For the listing below, return the line containing "a consistent size.", the line containing "Detail Cincin Camellia", and all lines in between, exactly as written and nothing else.

• [Provided records]:
_ _ _ _
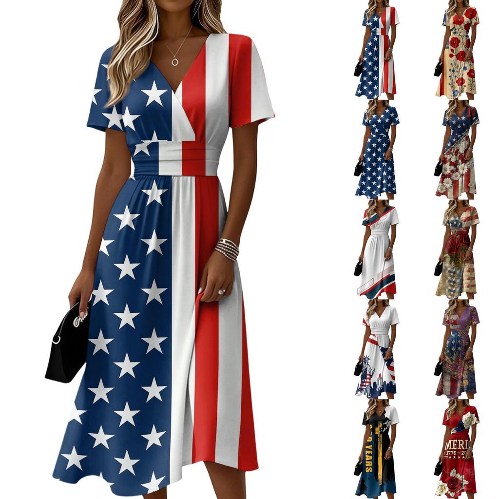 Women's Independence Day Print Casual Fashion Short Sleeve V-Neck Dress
_ _ _ _
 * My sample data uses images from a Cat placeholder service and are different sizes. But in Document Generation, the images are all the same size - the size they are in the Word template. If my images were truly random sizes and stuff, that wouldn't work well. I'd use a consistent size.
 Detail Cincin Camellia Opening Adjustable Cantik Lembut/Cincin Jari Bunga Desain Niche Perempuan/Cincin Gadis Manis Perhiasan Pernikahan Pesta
_ _ _ _
• [Response to this task]:
 * My sample data uses images from a Cat placeholder service and are different sizes. But in Document Generation, the images are all the same size - the size they are in the Word template. If my images were truly random sizes and stuff, that wouldn't work well. I'd use a consistent size.
 Detail Cincin Camellia Opening Adjustable Cantik Lembut/Cincin Jari Bunga Desain Niche Perempuan/Cincin Gadis Manis Perhiasan Pernikahan Pesta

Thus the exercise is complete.